__DATA FOR THE TASK__
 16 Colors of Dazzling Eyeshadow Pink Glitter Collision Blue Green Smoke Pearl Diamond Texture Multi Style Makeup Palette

...

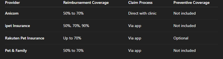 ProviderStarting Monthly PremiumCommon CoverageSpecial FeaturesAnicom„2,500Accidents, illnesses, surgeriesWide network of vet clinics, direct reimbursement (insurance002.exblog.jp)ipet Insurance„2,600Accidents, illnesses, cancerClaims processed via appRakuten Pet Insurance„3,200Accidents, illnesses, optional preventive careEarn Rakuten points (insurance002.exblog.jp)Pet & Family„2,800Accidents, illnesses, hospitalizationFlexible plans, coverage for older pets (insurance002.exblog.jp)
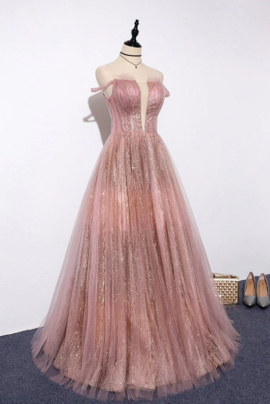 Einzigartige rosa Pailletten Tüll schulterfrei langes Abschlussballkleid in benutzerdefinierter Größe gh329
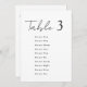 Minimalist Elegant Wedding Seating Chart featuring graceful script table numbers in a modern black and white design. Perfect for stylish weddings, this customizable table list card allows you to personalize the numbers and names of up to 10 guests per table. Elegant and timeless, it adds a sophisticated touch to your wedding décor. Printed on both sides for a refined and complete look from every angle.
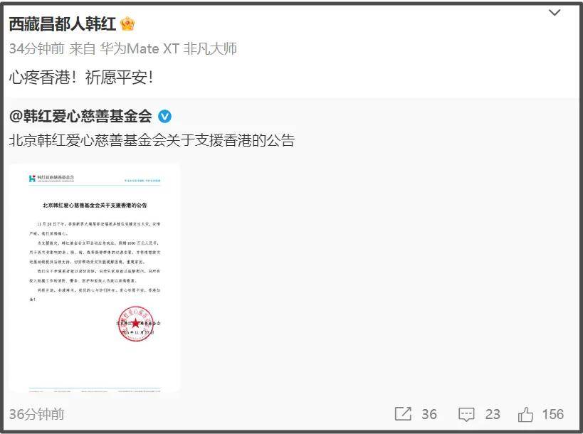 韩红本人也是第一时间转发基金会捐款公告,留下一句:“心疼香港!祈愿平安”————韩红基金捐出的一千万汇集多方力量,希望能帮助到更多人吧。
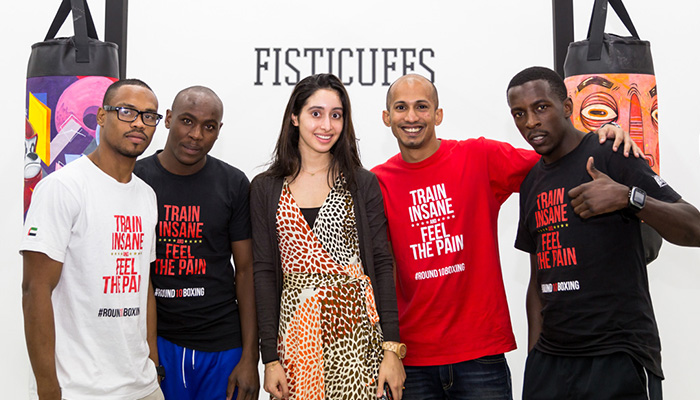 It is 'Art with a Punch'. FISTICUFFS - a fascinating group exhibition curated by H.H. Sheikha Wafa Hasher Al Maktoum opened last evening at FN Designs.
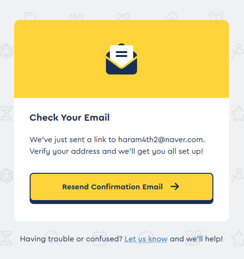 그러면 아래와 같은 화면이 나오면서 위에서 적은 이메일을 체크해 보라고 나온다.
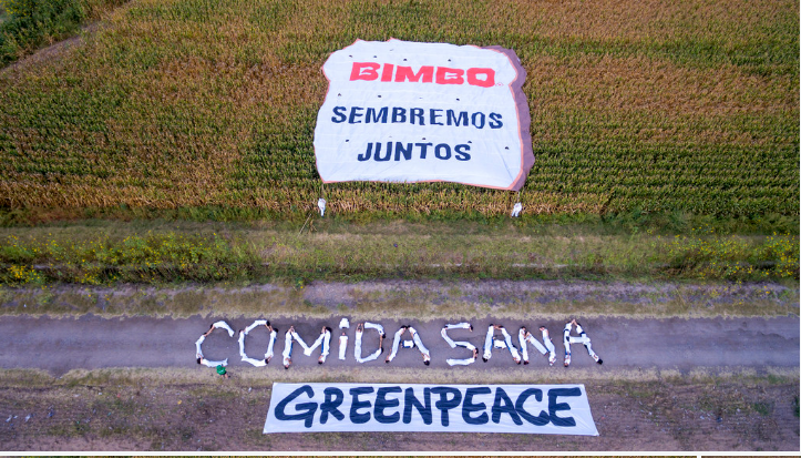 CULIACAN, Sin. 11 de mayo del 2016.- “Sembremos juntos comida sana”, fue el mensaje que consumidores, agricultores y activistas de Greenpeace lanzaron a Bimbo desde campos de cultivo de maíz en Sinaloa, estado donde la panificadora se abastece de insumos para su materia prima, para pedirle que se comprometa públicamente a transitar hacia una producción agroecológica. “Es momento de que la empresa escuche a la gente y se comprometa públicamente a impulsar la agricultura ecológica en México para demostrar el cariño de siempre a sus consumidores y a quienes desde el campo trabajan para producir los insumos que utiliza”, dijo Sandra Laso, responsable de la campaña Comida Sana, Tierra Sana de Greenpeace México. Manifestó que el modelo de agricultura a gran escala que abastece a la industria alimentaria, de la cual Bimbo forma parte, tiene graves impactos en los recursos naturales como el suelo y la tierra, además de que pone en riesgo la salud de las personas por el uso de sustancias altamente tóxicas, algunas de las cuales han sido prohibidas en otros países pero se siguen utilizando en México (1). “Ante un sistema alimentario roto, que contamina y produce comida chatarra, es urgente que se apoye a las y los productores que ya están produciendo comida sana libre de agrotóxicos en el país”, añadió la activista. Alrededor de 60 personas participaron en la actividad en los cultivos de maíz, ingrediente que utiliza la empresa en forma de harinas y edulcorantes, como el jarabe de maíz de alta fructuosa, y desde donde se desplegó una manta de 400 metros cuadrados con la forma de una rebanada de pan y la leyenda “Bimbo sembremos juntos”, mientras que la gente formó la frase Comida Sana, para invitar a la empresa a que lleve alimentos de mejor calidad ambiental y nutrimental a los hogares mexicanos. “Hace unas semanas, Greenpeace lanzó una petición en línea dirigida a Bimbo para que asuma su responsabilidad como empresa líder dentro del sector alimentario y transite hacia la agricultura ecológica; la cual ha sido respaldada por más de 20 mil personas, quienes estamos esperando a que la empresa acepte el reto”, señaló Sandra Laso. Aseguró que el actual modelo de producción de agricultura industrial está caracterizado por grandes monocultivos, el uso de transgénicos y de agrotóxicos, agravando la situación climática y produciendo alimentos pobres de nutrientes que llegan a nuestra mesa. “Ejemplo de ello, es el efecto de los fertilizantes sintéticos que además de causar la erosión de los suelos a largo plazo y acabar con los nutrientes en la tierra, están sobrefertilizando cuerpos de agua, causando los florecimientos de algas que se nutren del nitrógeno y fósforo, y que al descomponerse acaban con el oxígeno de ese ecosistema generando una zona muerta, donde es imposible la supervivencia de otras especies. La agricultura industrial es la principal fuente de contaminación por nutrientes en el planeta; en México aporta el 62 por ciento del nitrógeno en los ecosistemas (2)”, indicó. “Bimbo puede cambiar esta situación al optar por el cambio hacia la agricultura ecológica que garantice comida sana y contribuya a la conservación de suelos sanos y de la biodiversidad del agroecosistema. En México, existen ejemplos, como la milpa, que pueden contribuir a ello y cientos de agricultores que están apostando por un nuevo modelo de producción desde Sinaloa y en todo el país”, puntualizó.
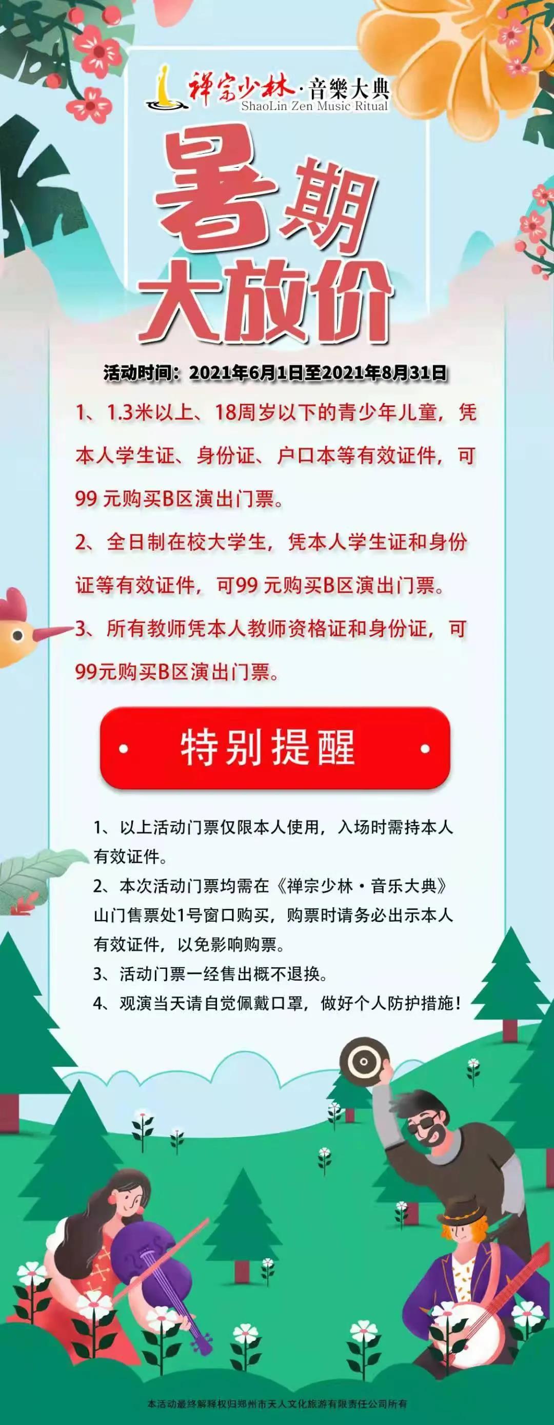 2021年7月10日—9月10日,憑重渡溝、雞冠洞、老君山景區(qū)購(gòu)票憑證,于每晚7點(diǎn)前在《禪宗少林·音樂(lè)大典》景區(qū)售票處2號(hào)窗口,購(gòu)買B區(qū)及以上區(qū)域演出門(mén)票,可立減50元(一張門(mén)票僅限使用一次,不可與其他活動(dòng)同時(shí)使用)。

--

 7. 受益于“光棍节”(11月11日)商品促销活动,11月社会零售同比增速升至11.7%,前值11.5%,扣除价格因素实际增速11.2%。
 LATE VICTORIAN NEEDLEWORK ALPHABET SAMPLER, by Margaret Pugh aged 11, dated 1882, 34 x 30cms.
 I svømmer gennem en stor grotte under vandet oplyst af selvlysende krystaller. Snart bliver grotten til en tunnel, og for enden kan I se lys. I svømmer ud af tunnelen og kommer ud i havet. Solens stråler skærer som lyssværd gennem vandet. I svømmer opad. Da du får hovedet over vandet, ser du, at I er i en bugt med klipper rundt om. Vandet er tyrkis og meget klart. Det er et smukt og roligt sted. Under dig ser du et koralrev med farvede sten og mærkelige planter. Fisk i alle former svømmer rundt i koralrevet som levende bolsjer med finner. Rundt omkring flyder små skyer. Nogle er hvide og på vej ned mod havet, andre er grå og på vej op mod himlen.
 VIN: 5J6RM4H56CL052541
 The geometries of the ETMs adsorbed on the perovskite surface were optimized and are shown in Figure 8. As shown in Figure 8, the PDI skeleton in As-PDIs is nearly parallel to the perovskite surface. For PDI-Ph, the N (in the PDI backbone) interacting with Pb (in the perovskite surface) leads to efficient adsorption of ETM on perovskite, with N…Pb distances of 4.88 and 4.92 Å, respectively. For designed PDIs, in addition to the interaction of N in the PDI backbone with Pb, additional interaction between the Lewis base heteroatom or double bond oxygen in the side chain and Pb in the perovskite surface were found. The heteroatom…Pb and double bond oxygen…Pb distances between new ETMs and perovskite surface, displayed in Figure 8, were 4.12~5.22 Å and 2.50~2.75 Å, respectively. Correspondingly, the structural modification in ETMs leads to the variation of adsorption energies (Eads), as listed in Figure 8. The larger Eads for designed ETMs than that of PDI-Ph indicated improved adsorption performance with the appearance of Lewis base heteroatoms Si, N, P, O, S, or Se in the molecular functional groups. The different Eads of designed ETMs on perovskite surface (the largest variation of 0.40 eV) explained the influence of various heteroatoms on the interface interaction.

__ACTIVITY__
Return exactly the stretch above whose first line contains "韩红本人也是第一时间转发基金" and whose last line contains "It is 'Art with", and nothing outside it. The pictures should not appear.

__ANSWER BOX__
 韩红本人也是第一时间转发基金会捐款公告,留下一句:“心疼香港!祈愿平安”————韩红基金捐出的一千万汇集多方力量,希望能帮助到更多人吧。
 It is 'Art with a Punch'. FISTICUFFS - a fascinating group exhibition curated by H.H. Sheikha Wafa Hasher Al Maktoum opened last evening at FN Designs.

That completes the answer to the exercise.